For the month of September, any donations made to our GoFundMe will be matched up to $5000. These matching donations will be made in honor and memory of my cousin Kira who passed away in May 2013. Although four years have passed since Kira left us, we still very much grieve the loss of her presence in our lives.

The last blog post ended with the idea of grieving with hope and not in desperation.

To be honest, it seems odd to be writing posts on grief when our blog is about how excited we are about our upcoming adoption. But in order to move forward with building our family, Alex and I had to fully come to terms with our past. We have known grief- painful, heartbreaking grief. The trials of multiple miscarriages bring about dashed dreams and physically painful heartbreak. You start to lose hope that there is a reason for this.

Miscarriages aren't the only thing we have had to grieve.

The second infertility doctor we went to looked at our test scores, put us through a whole bunch more tests, and called us with the confirmation that we have the smallest chance (in the very low single digits) that we would be able to conceive on our own. If we wanted to do IVF, we would need to move on that now, and even then, the chances of a viable pregnancy were slim.

Our story became something more than grieving three babies who we will meet in heaven.
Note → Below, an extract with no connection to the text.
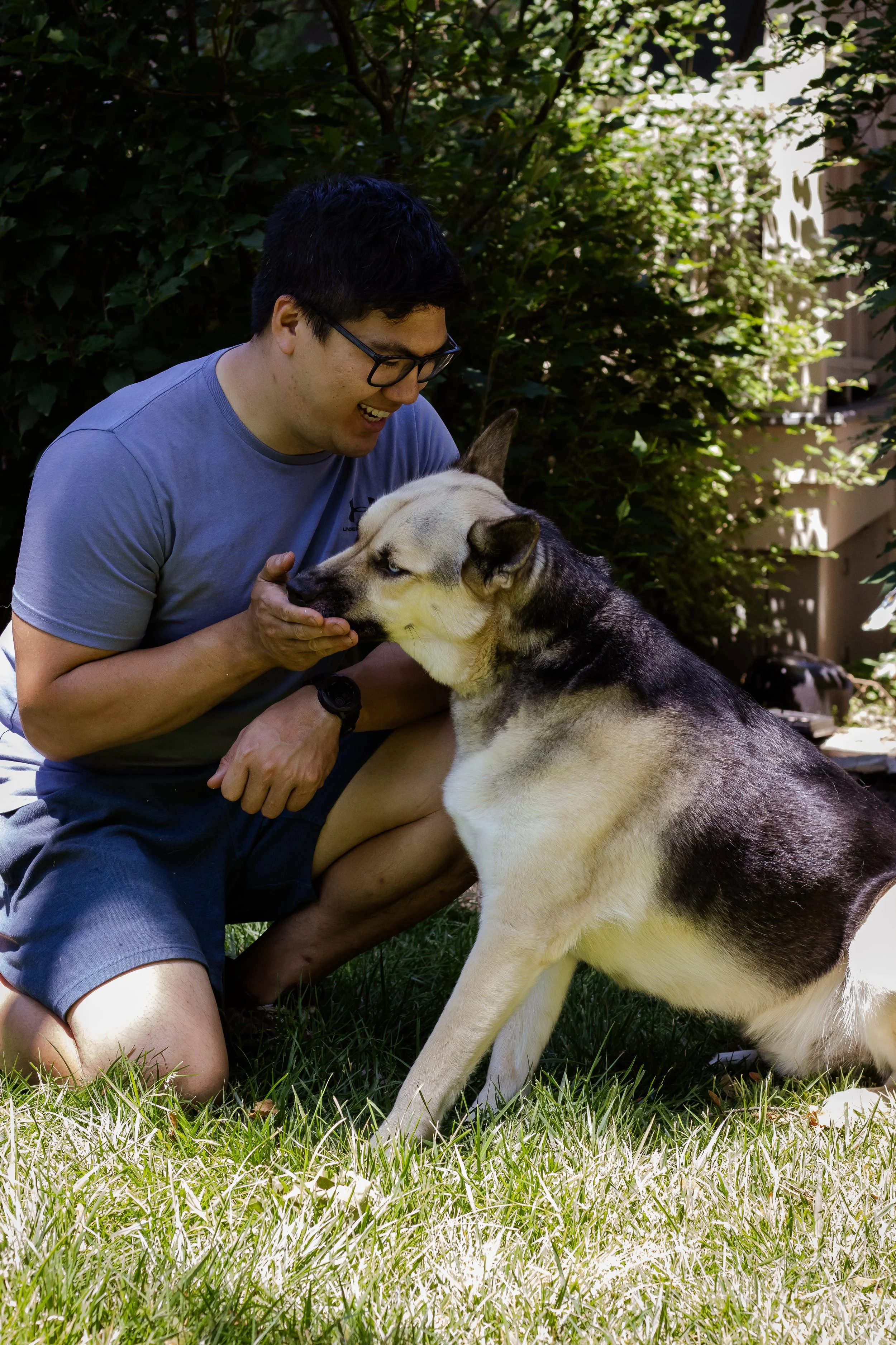 Foursquare Gardens is a family business primarily run by me, Andrew Chen. My wife Alison helps with design, garden planning, and seedling starting, and our dog Oliver provides moral support.

This diagnosis evolved the story into one that had us grieving any possibility of ever having children who are biologically our own. Naming what we were grieving became a big part of this. We will never be able to do a cute pregnancy announcement, gender reveal party, compare pregnancy aches and pains with my sisters or friends, feel a baby kick, see the baby on a doctor's screen at appointments, etc.

And it was truly something to grieve over.
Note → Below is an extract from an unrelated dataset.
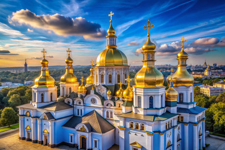 Kyiv's Golden-Domed Monastery: Majestic Ukrainian Orthodox Church, Panoramic View

Despite all of our grief, we still have hope. We have hope that God will, most importantly, use our story to point others to Him and find that they are not alone in this journey, that they too may have hope. We also have a hope that this is not the end of our story- that God will use our heart for fostering and adoption to expand our family.

My aunt and uncle went through the incredibly devastating experience of losing a child. Their sadness in losing Kira has not ended and it never will. But in their grief, they have hope. They know their story did not end with Kira's death. Instead, their story evolved into one that gives hope to others who have a sick child or are in the process of losing their child. They are on hospital committees and reaching out to coworkers. They are able to continue to have hope in their own grief by giving hope to others.
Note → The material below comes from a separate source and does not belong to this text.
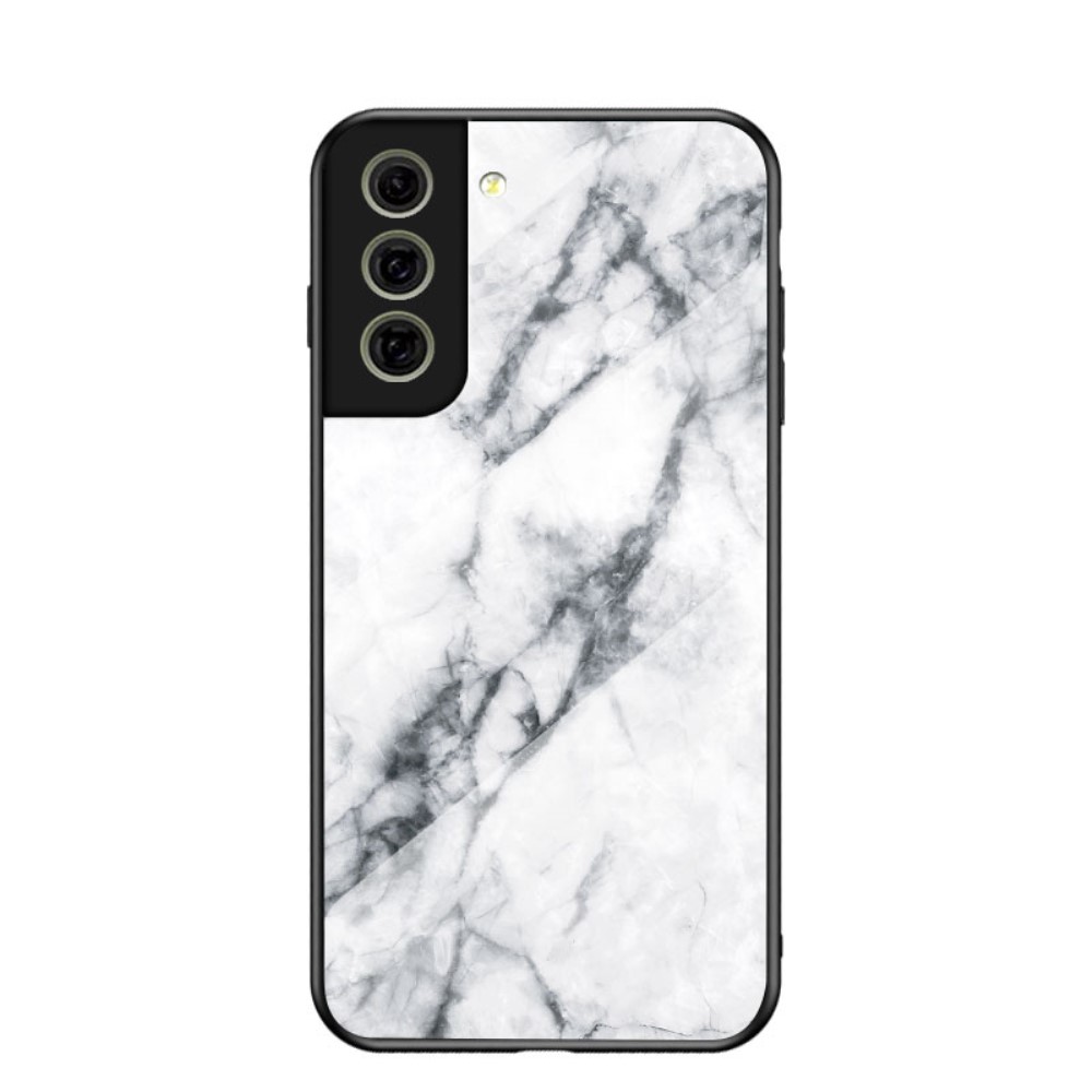 Θήκη Samsung Galaxy S21 FE OEM σχέδιο Marble με Πλάτη Tempered Glass TPU λευκό

Sometimes it's still hard to be hopeful and be at peace about our situation. In fact, there are days where I want to be angry about it and say "It's not fair". Despite those days, I know that my faith and trust in God the Father will bring me back to a place of hope in Him.

Whatever your struggle or trial is, remember that you can have hope and peace and be hope and peace to others through Jesus.

*Romans 5:5*

And Hope does not put us to shame, because God's love has been poured out into our hearts through the Holy Spirit who has been given to us.